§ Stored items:
********

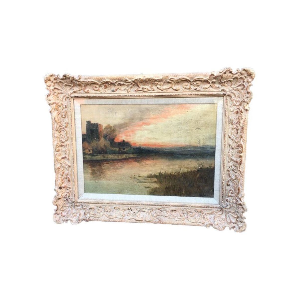 A stunning original antique oil painting depicting a twilit river and church on its banks, of lovely composition signed by the artist to the bottom right.In nice vintage condition with some wear consummate with age as pictured sitting in a more modern gold gilt frame.Measurements: 47cm-37cm. - 9200-020318-EB-30230
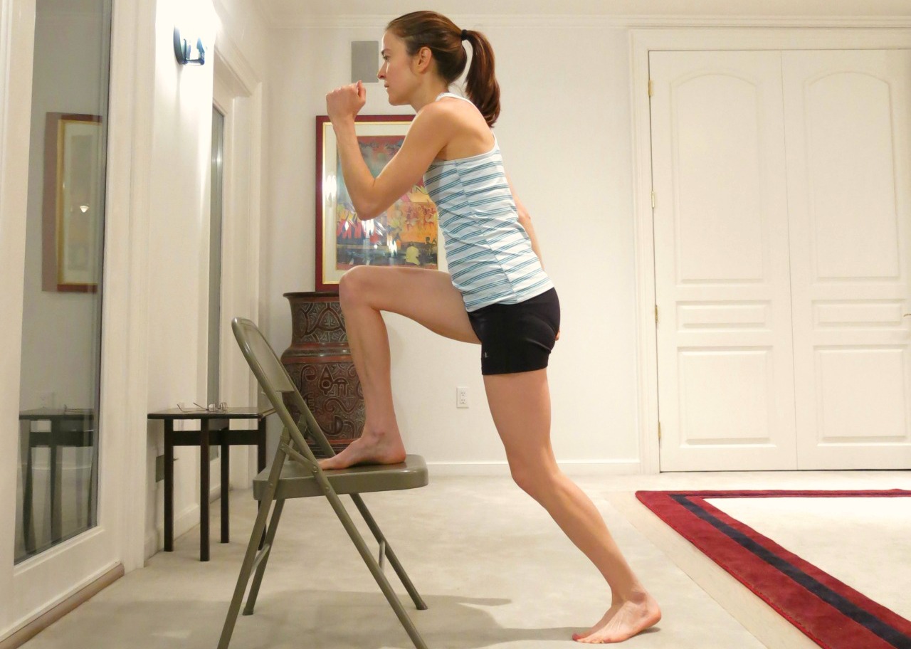 Bu egzersiz için alçak bir sandalye kullanmanız yeterli. Ayakta dik bir şekilde durun ve önünüzde bulunan sandalyeye bir bacağınızı atın, bu esnada karın kaslarınızı sıktığınızdan ve sırtınızın dik olduğundan emin olun. Doğru pozisyona geldikten sonra sandalyenin üzerine koyduğunuz bacağınızdan destek alarak bedeninizi yukarı çıkarın. Hareketi her iki bacakla 10-15 kez uygulayın.
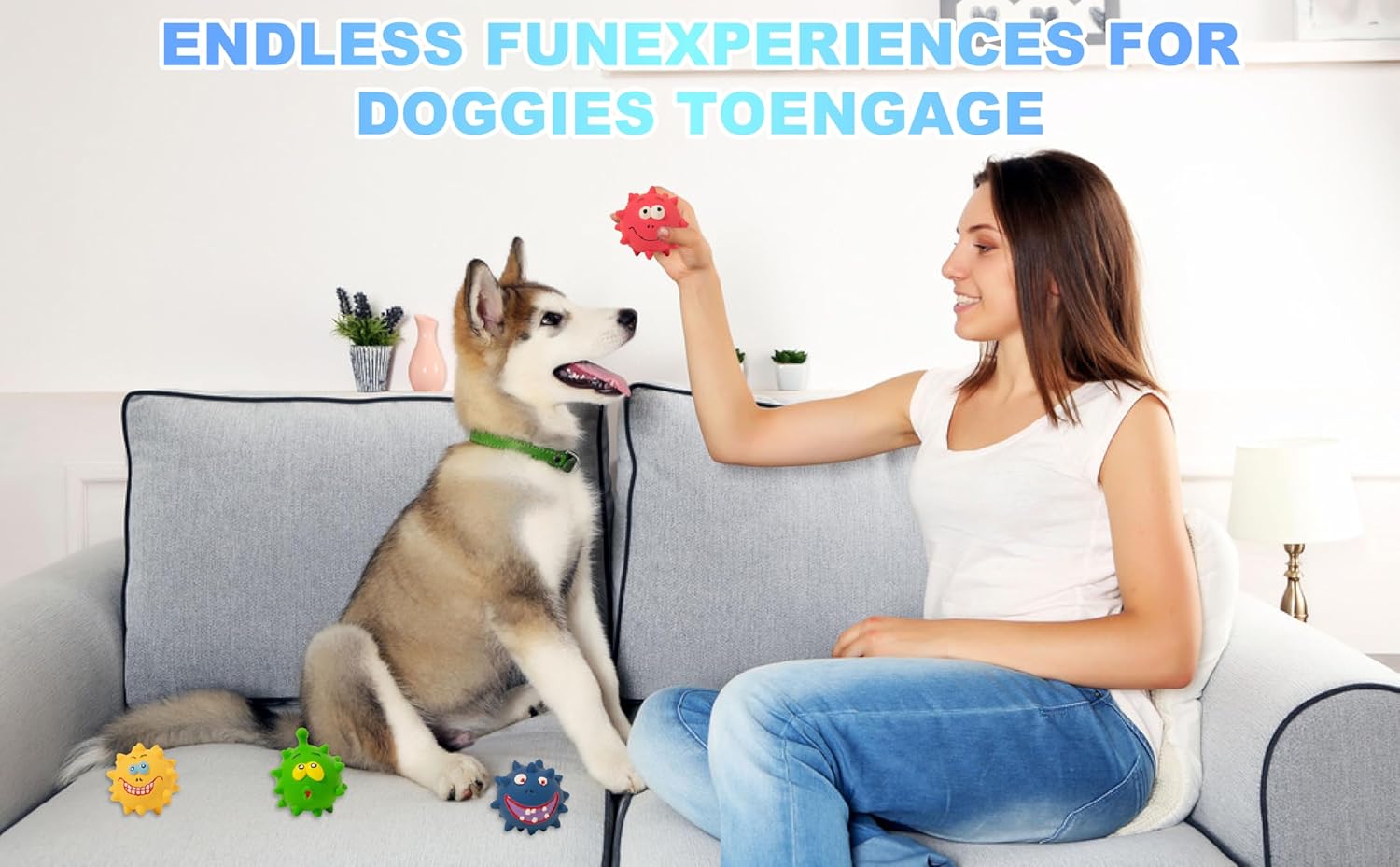 TTCOLATOPIA 4Pcs Squeaky Dog Toys Set – Natural Latex Rubber Balls for Large, Medium, Small Dogs – Aggressive Chewers Friendly – Cute Faces for Fun
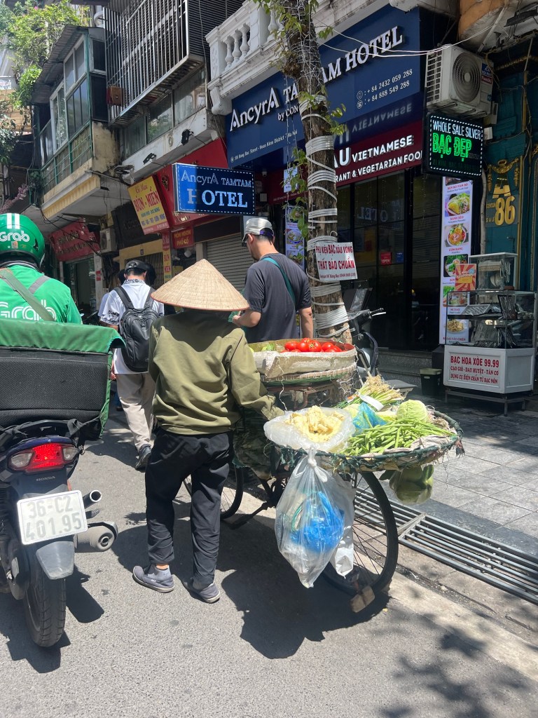 Many of the bicycle vendors we passed were selling goods including flowers, ripe fruit, as well as roadside cooks selling pho and bun cha.
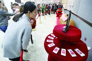 12月6日下午,由衡阳日报社和市文联共同主办的“不纸于此”谭琴纸艺展在市博物馆开幕,百余幅精美剪纸艺术品让现场观众叹为观“纸”。图为纸艺展上创意作品吸引了不少年轻人的注意。■罗盟 摄
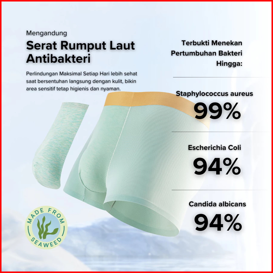 Tulandut Celana Dalam Pria Seaweed Antibakteri 7a Serat Rumput Laut Premium Boxer Adem Quick-dry Tech 81206 Eco Friendly
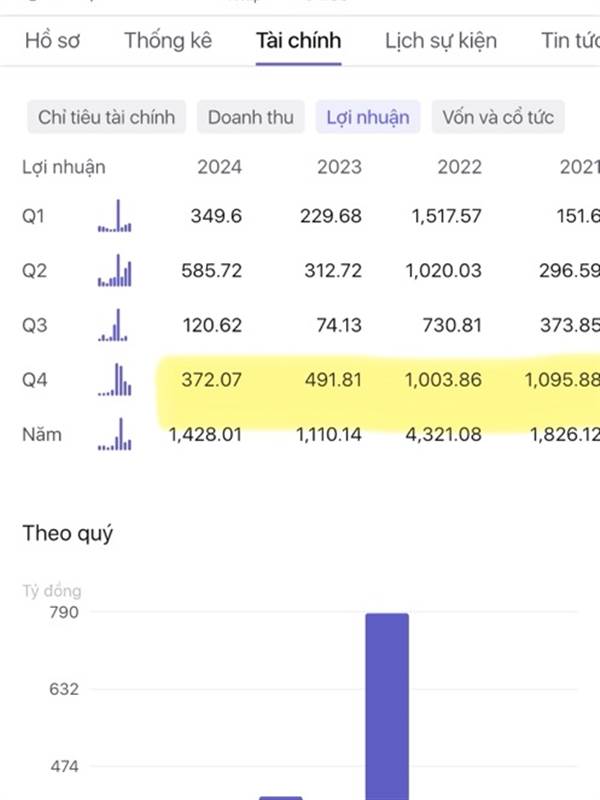 Dốt ***** ra, quý 4 nào thấp điểm, thường q4 nó lãi rất to nên nhiều năm k bằng năm ngoái. Chứ so với những quý đầu năm 4 thường to nhất
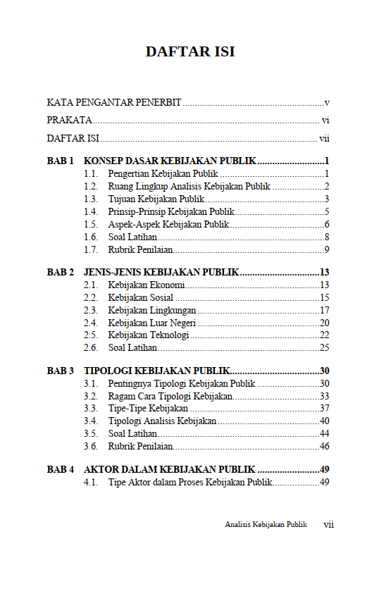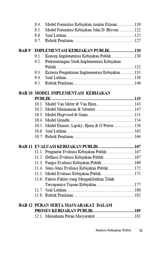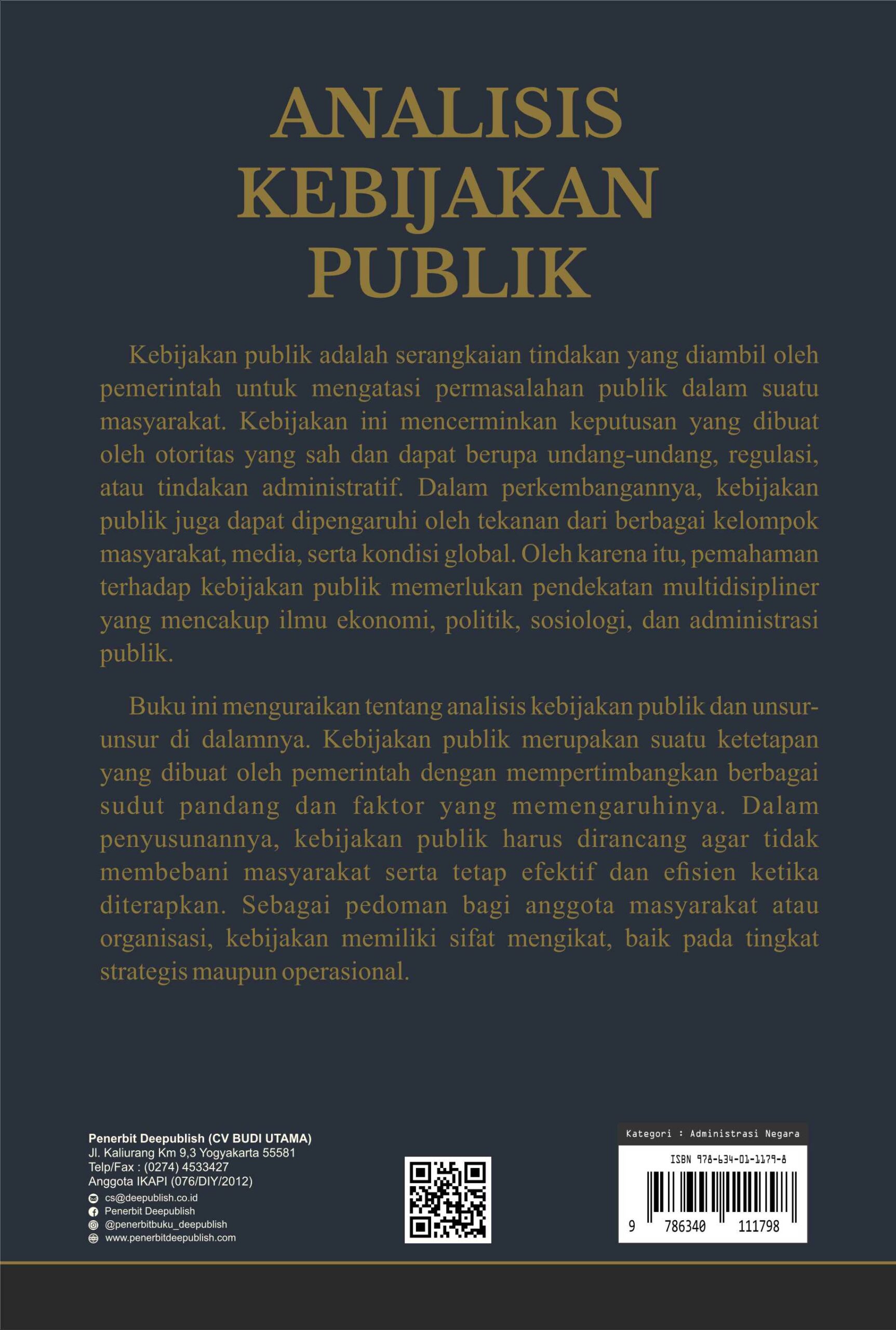 Sinopsis Buku Analisis Kebijakan Publik Buku Analisis Kebijakan Publik Buku Administrasi Negara yang berjudul Buku Analisis Kebijakan Publik merupakan karya Amrin. Kebijakan publik adalah serangkaian tindakan yang diambil oleh pemerintah untuk mengatasi permasalahan publik dalam suatu masyarakat. Kebijakan ini mencerminkan keputusan yang dibuat oleh otoritas yang sah dan dapat berupa undang-undang, regulasi, atau tindakan administratif. Dalam perkembangannya, kebijakan publik juga dapat dipengaruhi oleh tekanan dari berbagai kelompok masyarakat, media, serta kondisi global. Analisis kebijakan publik merupakan studi yang bertujuan untuk memahami dan mengevaluasi berbagai aspek dalam perumusan dan implementasi kebijakan yang dapat membantu dalam memahami bagaimana suatu kebijakan dibuat, siapa yang terlibat, serta dampak yang ditimbulkannya terhadap masyarakat. Setiap kebijakan berfungsi sebagai solusi terhadap persoalan yang dihadapi masyarakat. Kebijakan dirancang untuk menyelesaikan masalah tanpa menciptakan permasalahan baru. Dalam perumusan kebijakan publik, terdapat berbagai alternatif pilihan yang dipertimbangkan agar kebijakan yang diambil merupakan opsi terbaik dibandingkan alternatif lainnya. Semakin banyak alternatif yang tersedia, semakin baik kualitas kebijakan yang dihasilkan. Hal ini memungkinkan evaluasi yang lebih komprehensif terhadap implementasi kebijakan serta indikator keberhasilannya. Sebagai pedoman bagi anggota masyarakat atau organisasi, kebijakan memiliki sifat mengikat, baik pada tingkat strategis maupun operasional. Kebijakan dibuat oleh otoritas politik yang memiliki mandat dari masyarakat, biasanya melalui pemilihan umum, untuk bertindak atas nama publik. Kebijakan publik disusun dan diorganisasikan untuk mencapai tujuan tertentu, terutama dalam mengatur kehidupan bermasyarakat. Dari sudut pandang efektivitas, kebijakan publik berfungsi sebagai instrumen untuk mewujudkan berbagai nilai publik yang menjadi perhatian pemerintah. Buku ini menguraikan tentang analisis kebijakan publik dan unsur-unsur di dalamnya. Kebijakan publik merupakan suatu ketetapan yang dibuat oleh pemerintah dengan mempertimbangkan berbagai sudut pandang dan faktor yang memengaruhinya. Dalam penyusunannya, kebijakan publik harus dirancang agar tidak membebani masyarakat serta tetap efektif dan efisien ketika diterapkan. Sebagai pedoman bagi anggota masyarakat atau organisasi, kebijakan memiliki sifat mengikat, baik pada tingkat strategis maupun operasional. Buku Analisis Kebijakan Publik sangat cocok bagi para peneliti, mahasiswa, dan praktisi akademisi yang ingin memahami kebijakan publik melalui pendekatan multidisipliner yang mencakup ilmu ekonomi, politik, sosiologi, dan administrasi publik. Berikut Daftar Isi Buku Administrasi Negara yang berjudul Buku Analisis Kebijakan Publik, diantaranya:
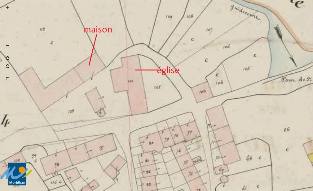 L'église paroissiale sur le cadastre de 1840 (A. D. du Morbihan, série 3 P 264/5)Immatriculation
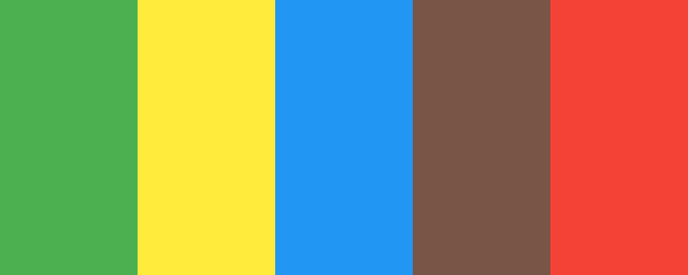 Ця палітра відображає кольори, що асоціюються з українською природою. Зелений луг символізує трави та рослинність, жовте поле - пшеничні поля, блакитне небо - ясний день, коричнева земля - родючість, а червоні квіти - яскраві акценти на фоні природних кольорів.
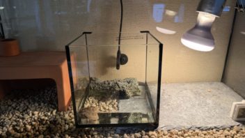 なので、余っている15cmキューブ水槽でもう少し大きくなるまでしばらく単独飼育する事にしました。・・・が、バスキングライトが余っていません・・・。なので、リクガメ達の飼育ケージの中に水槽を置きました。ここならバスキングライトもあるし、スレートプレートがパネルヒーター代わりになるのでなんとかなりそう・・・かな・・・?(´・ω・`)
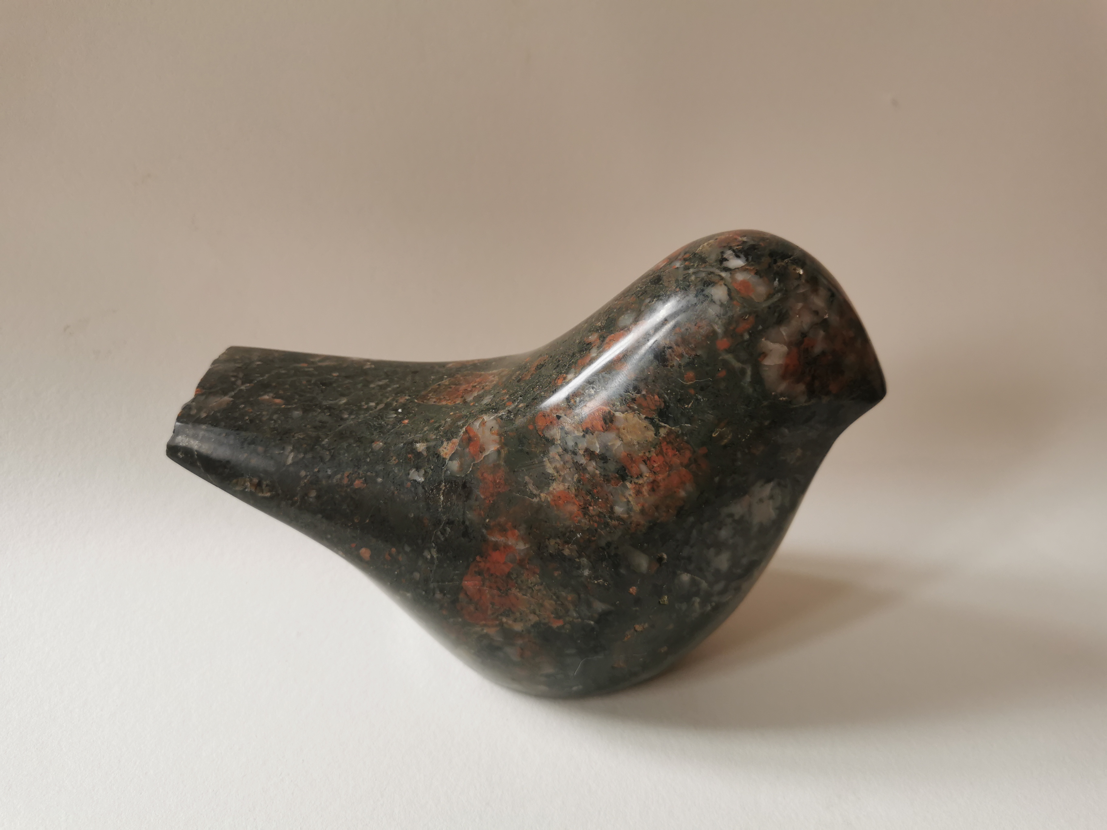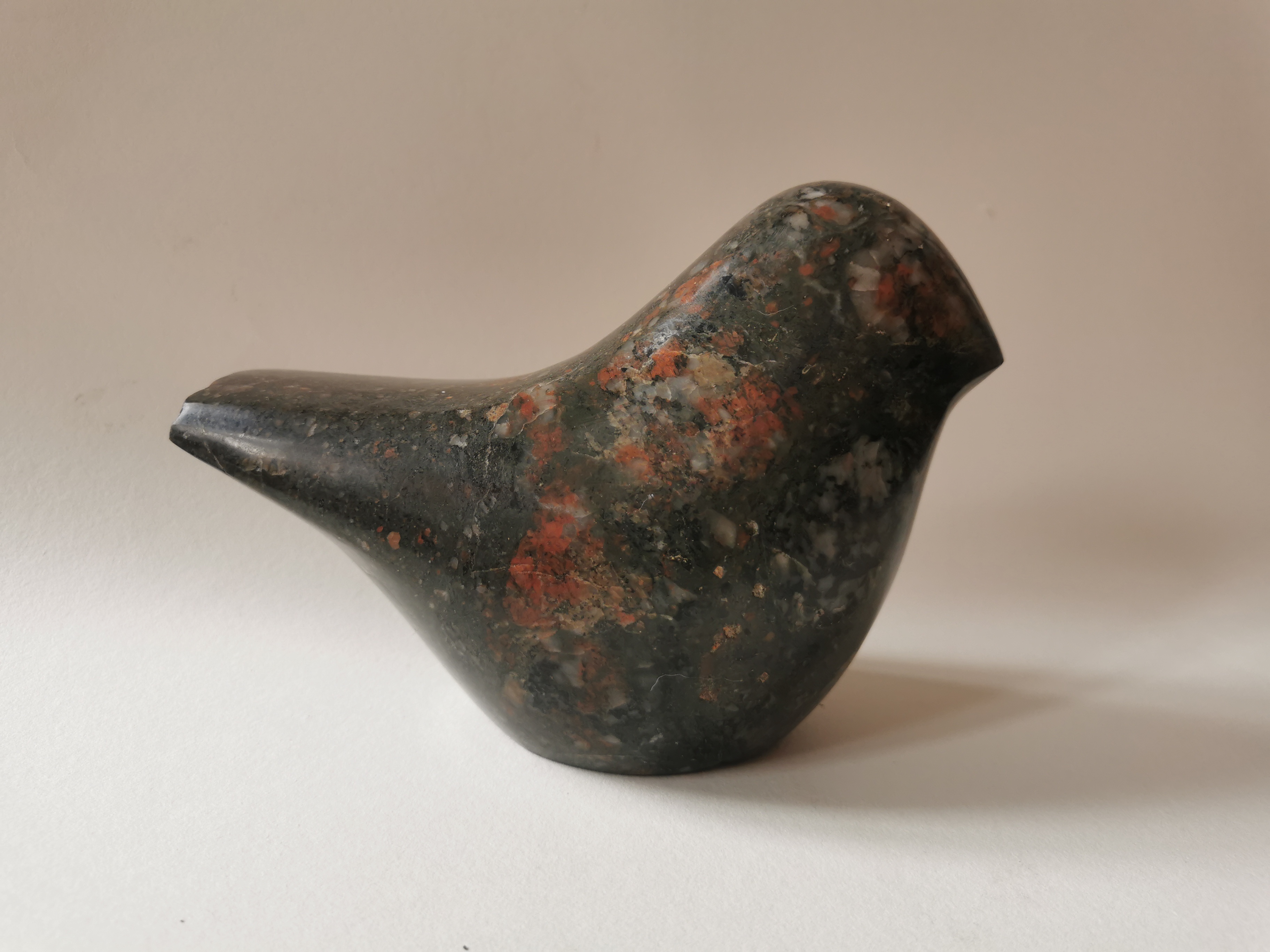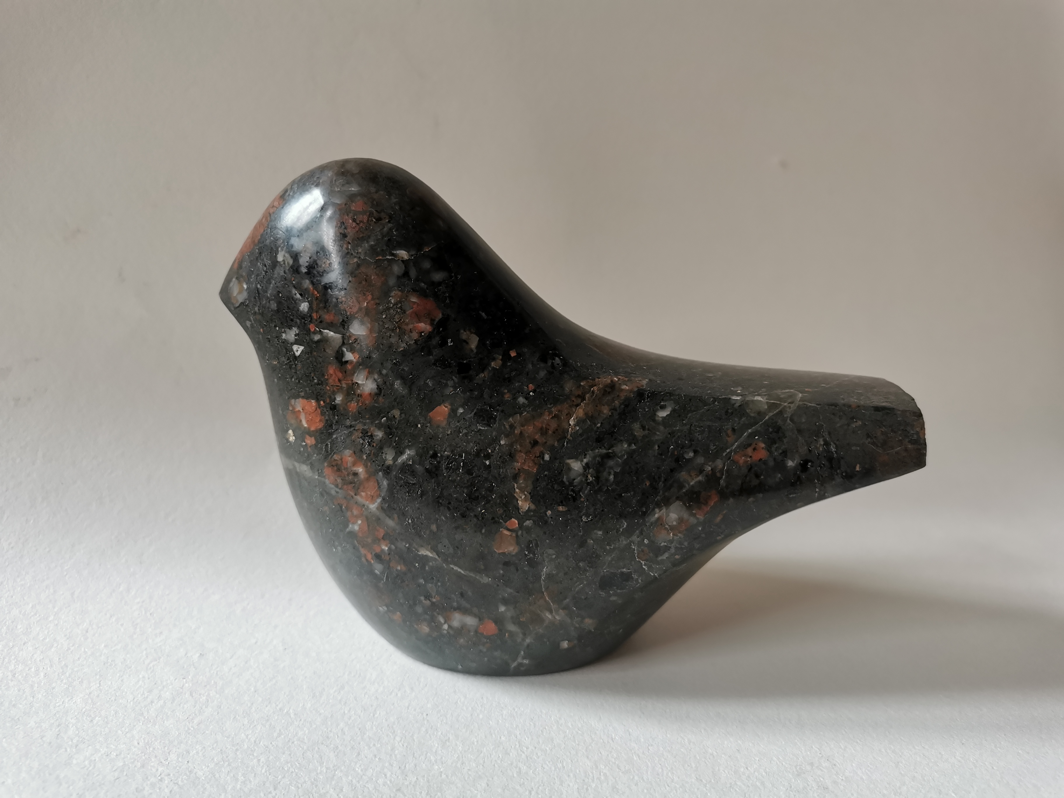 Na fotografii widzimy kamienną rzeźbę w kształcie ptaka. Przeważającym kolorem jest głęboka czerń przeplatana ciepłymi, rudoczerwonymi plamkami. Całość utrzymana jest w minimalistycznym stylu, z gładkimi liniami i delikatnymi zaokrągleniami. Kompozycja przykuwa uwagę swoją prostotą i doskonałym wyważeniem formy. Mozna by rzec, że ten ptak przynosi na myśl spokój i harmonię. Wydaje się, jakby mógł odfrunąć w każdej chwili. Patrząc na tę rzeźbę, można poczuć się tak, jakbyśmy przenieśli się w świat zen. Jest coś magicznego w tej spokojnej obecności kamienia. Artysta zastosował technikę, która podkreśla naturalne piękno materiału i uwypukla teksturę marmuru. Wygląda to almost magical. Mówi się, że mniej znaczy więcej, i w tym przypadku to prawda. Ta rzeźba wywołuje u mnie uczucie zadumy nad przemijaniem i prostotą życia. Mój brat powiedziałby, że ten ptaszek jest jak z bajki. Ten ptak to esencja lekkości i spokoju, a jednocześnie solidności a siły. Wzbudza poczucie ciszy znanej tylko z porannego świtu i daje chwilę na refleksję nad miejscem, w którym jesteśmy.

********

§ THE PROBLEM:
Output only the stretch above from the line with "12月6日下午,由衡阳日报社" through the line with "Dốt ***** ra, quý", reproduced exactly. Exclude pictures.

§ SOLUTION TO THIS EXERCISE:
 12月6日下午,由衡阳日报社和市文联共同主办的“不纸于此”谭琴纸艺展在市博物馆开幕,百余幅精美剪纸艺术品让现场观众叹为观“纸”。图为纸艺展上创意作品吸引了不少年轻人的注意。■罗盟 摄
 Tulandut Celana Dalam Pria Seaweed Antibakteri 7a Serat Rumput Laut Premium Boxer Adem Quick-dry Tech 81206 Eco Friendly
 Dốt ***** ra, quý 4 nào thấp điểm, thường q4 nó lãi rất to nên nhiều năm k bằng năm ngoái. Chứ so với những quý đầu năm 4 thường to nhất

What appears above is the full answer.